Hughes and Frank looked at each other.

“Pretty much everybody,” Frank said and rubbed his mustache.

She sank in her seat. Pretty much everybody? How was that possible? Not even the Black Death killed pretty much everybody.

But somehow that felt right. It didn’t sound right, but it felt right.

She didn’t remember any of this, but the weird thing was that she almost remembered. She felt as if she were watching a movie that she had seen a long time ago as a kid. She had no idea what was going to happen next, but she sort of remembered things as they happened. She didn’t know what Hughes and Frank were going to say when she asked them a question, but everything they did say seemed right, like some part of her knew. Her mind was throwing up walls, leaving her stranded somewhere between amnesia and denial.

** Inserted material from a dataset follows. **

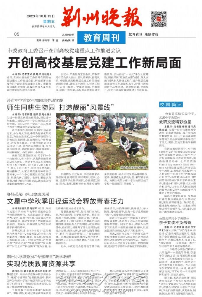 《荆州晚报》2023年10月13日报道我校师生同耕生物园,打造靓丽风景线

Frank swerved around a tight knot of cars in the road and had to drive most of the way to the tree line to get past them. Annie felt Hughes tense up as they neared the edge of the forest. He had that gun of his pointed out the window and was ready to pull the trigger. He looked like he
wanted
to pull the trigger.

Frank swerved back toward the asphalt after clearing the pileup. “Bogie at eleven o’clock. Hold onto something.”

Annie glanced left. A man came charging out of the trees on the other side of the road. He was covered in blood and screaming like he was terrified or enraged.

“Watch out!” Annie said. “There’s a—”

But Frank swerved into the man’s path and swiped him with the side of the Chevy. The impact sounded like someone threw a sack of potatoes at the driver’s-side door. The man bounced off the vehicle and flopped onto the shoulder. Frank kept going and checked the mirror.